(STUDY MATERIAL begins)
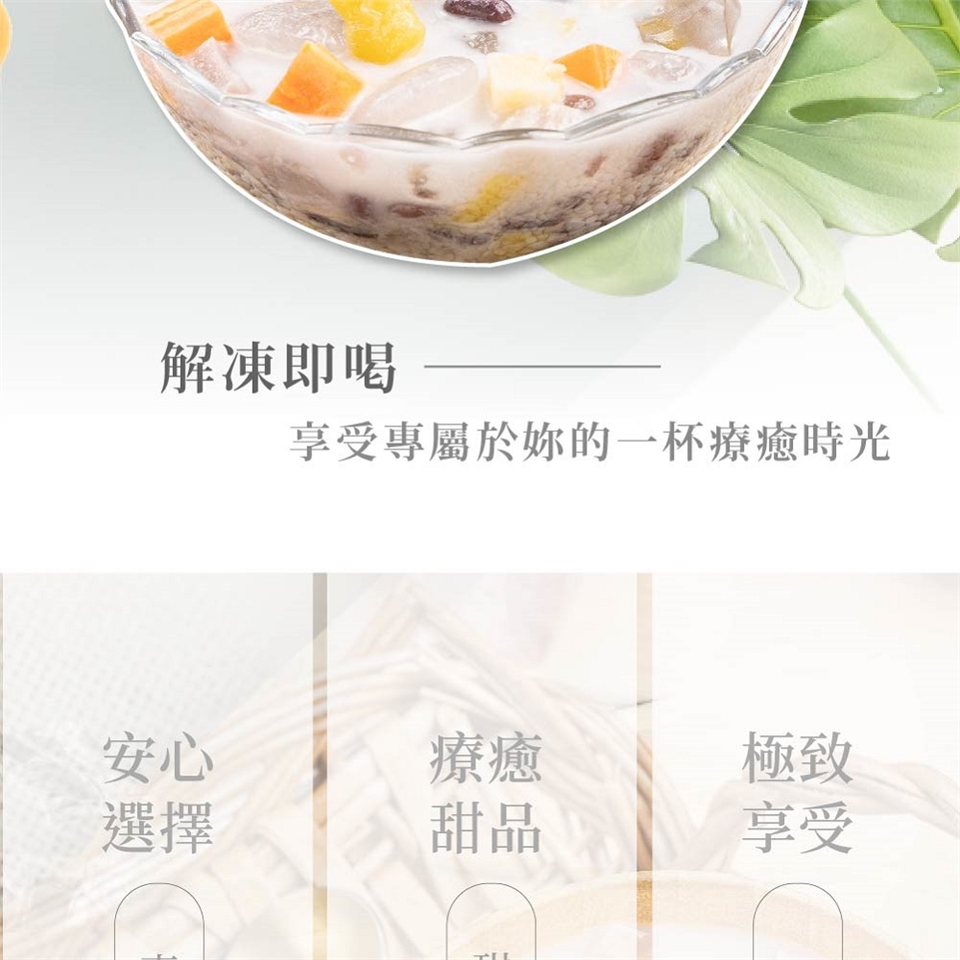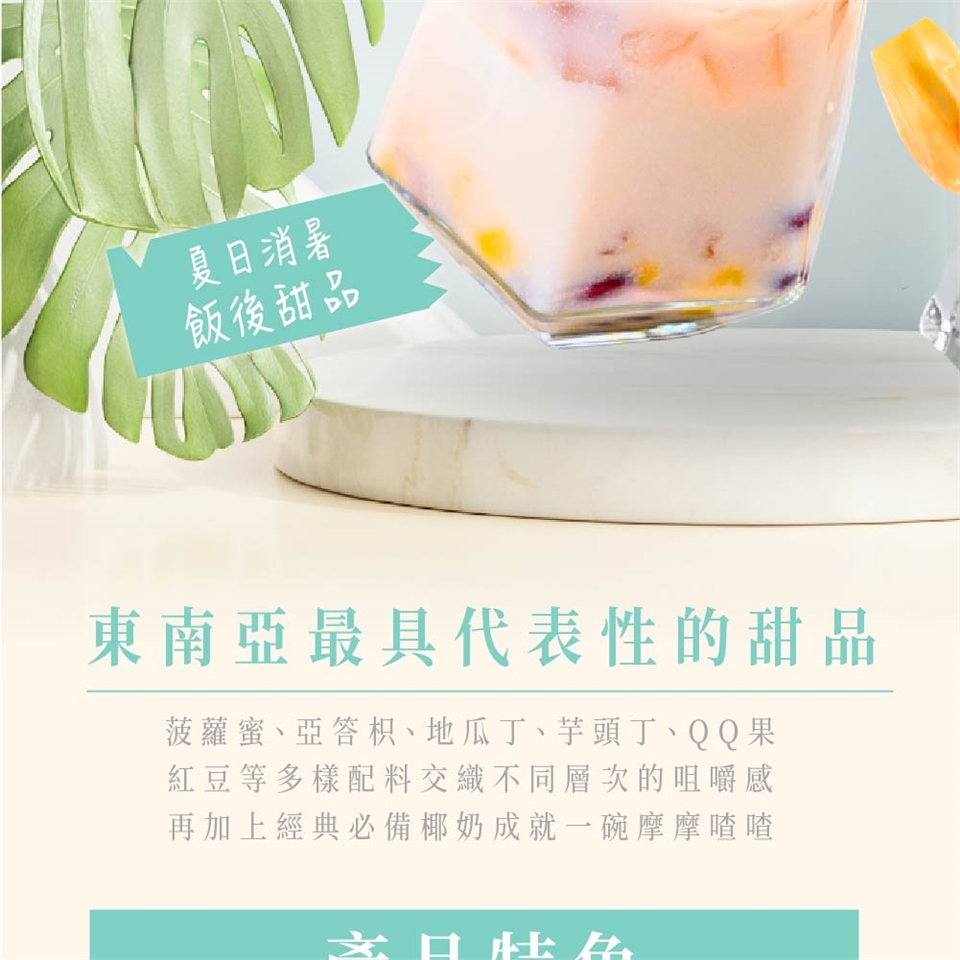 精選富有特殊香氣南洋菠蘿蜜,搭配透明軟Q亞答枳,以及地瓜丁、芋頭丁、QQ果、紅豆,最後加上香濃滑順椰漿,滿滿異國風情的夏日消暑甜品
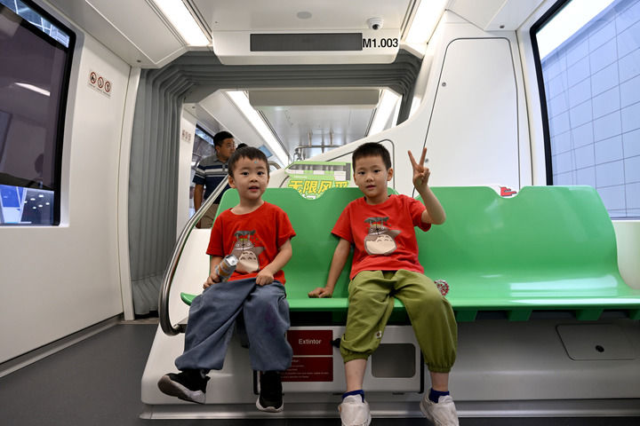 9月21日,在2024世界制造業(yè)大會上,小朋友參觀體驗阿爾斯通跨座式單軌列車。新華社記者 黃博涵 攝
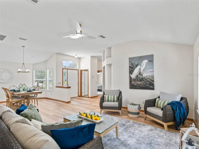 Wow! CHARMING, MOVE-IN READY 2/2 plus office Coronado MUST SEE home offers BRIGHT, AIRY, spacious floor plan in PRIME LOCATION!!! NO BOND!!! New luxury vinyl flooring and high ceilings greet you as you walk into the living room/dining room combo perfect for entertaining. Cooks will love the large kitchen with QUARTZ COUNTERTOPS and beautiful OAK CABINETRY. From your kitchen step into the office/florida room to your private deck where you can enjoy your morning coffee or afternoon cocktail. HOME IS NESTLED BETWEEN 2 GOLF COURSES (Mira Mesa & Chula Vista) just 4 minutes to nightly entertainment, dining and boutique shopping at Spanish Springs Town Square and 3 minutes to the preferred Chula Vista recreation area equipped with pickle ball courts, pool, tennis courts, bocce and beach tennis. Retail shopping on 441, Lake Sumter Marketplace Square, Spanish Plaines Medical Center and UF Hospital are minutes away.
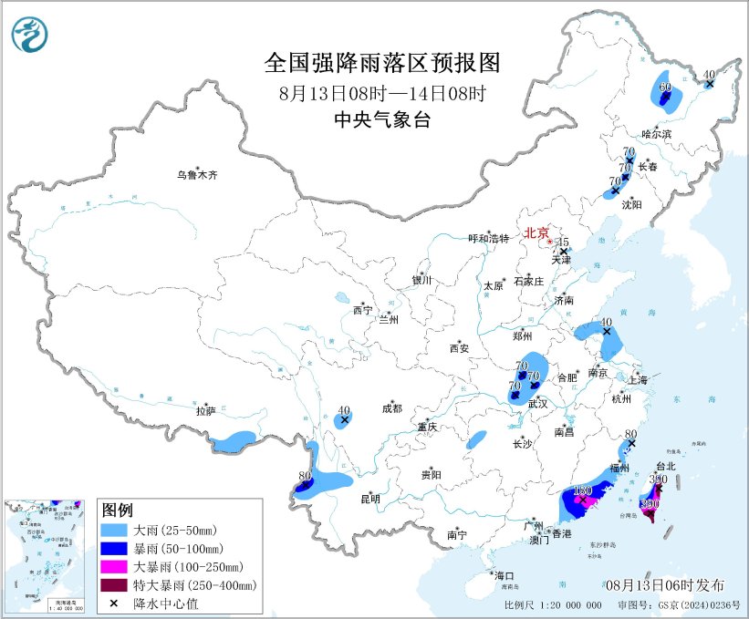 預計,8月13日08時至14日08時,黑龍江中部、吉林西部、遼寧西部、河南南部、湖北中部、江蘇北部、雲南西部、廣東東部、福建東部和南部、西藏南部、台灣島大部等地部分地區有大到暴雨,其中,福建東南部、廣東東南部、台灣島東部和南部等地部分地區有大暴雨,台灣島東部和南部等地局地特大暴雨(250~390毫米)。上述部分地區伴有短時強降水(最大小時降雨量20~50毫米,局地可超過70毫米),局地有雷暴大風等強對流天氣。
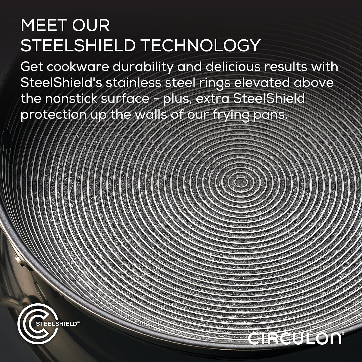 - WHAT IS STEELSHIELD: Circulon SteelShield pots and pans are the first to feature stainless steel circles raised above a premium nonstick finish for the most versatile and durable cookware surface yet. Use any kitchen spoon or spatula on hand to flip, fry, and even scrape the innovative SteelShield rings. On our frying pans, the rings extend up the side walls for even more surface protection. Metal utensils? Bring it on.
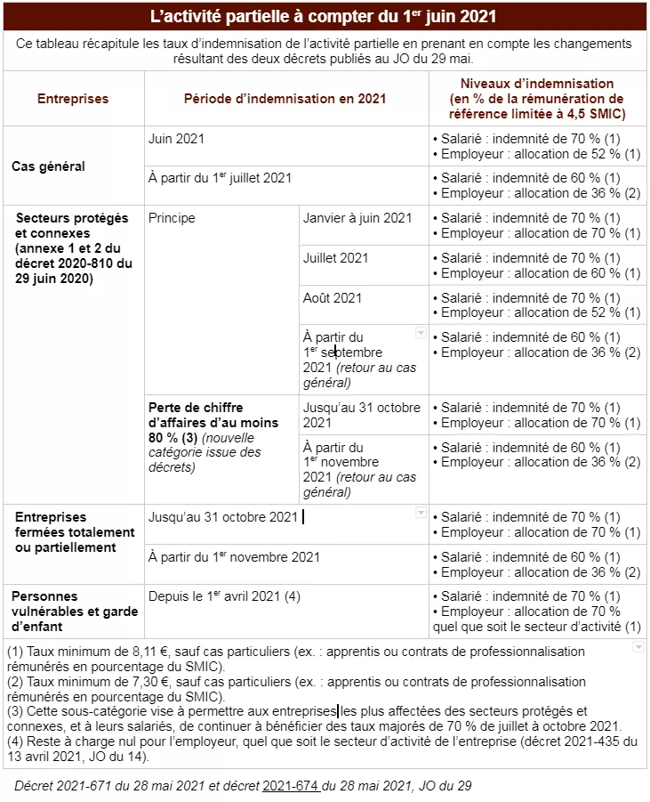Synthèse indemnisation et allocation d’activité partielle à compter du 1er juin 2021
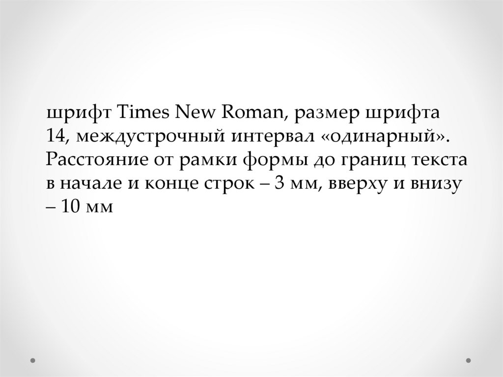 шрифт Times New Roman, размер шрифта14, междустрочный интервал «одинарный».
(STUDY MATERIAL ends)
EXERCISE OBJECTIVE >> Pictures aside, restate the entries word for word.

TASK RESPONSE >>
 精選富有特殊香氣南洋菠蘿蜜,搭配透明軟Q亞答枳,以及地瓜丁、芋頭丁、QQ果、紅豆,最後加上香濃滑順椰漿,滿滿異國風情的夏日消暑甜品
 9月21日,在2024世界制造業(yè)大會上,小朋友參觀體驗阿爾斯通跨座式單軌列車。新華社記者 黃博涵 攝
 Wow! CHARMING, MOVE-IN READY 2/2 plus office Coronado MUST SEE home offers BRIGHT, AIRY, spacious floor plan in PRIME LOCATION!!! NO BOND!!! New luxury vinyl flooring and high ceilings greet you as you walk into the living room/dining room combo perfect for entertaining. Cooks will love the large kitchen with QUARTZ COUNTERTOPS and beautiful OAK CABINETRY. From your kitchen step into the office/florida room to your private deck where you can enjoy your morning coffee or afternoon cocktail. HOME IS NESTLED BETWEEN 2 GOLF COURSES (Mira Mesa & Chula Vista) just 4 minutes to nightly entertainment, dining and boutique shopping at Spanish Springs Town Square and 3 minutes to the preferred Chula Vista recreation area equipped with pickle ball courts, pool, tennis courts, bocce and beach tennis. Retail shopping on 441, Lake Sumter Marketplace Square, Spanish Plaines Medical Center and UF Hospital are minutes away.
 預計,8月13日08時至14日08時,黑龍江中部、吉林西部、遼寧西部、河南南部、湖北中部、江蘇北部、雲南西部、廣東東部、福建東部和南部、西藏南部、台灣島大部等地部分地區有大到暴雨,其中,福建東南部、廣東東南部、台灣島東部和南部等地部分地區有大暴雨,台灣島東部和南部等地局地特大暴雨(250~390毫米)。上述部分地區伴有短時強降水(最大小時降雨量20~50毫米,局地可超過70毫米),局地有雷暴大風等強對流天氣。
 - WHAT IS STEELSHIELD: Circulon SteelShield pots and pans are the first to feature stainless steel circles raised above a premium nonstick finish for the most versatile and durable cookware surface yet. Use any kitchen spoon or spatula on hand to flip, fry, and even scrape the innovative SteelShield rings. On our frying pans, the rings extend up the side walls for even more surface protection. Metal utensils? Bring it on.
Synthèse indemnisation et allocation d’activité partielle à compter du 1er juin 2021
 шрифт Times New Roman, размер шрифта14, междустрочный интервал «одинарный».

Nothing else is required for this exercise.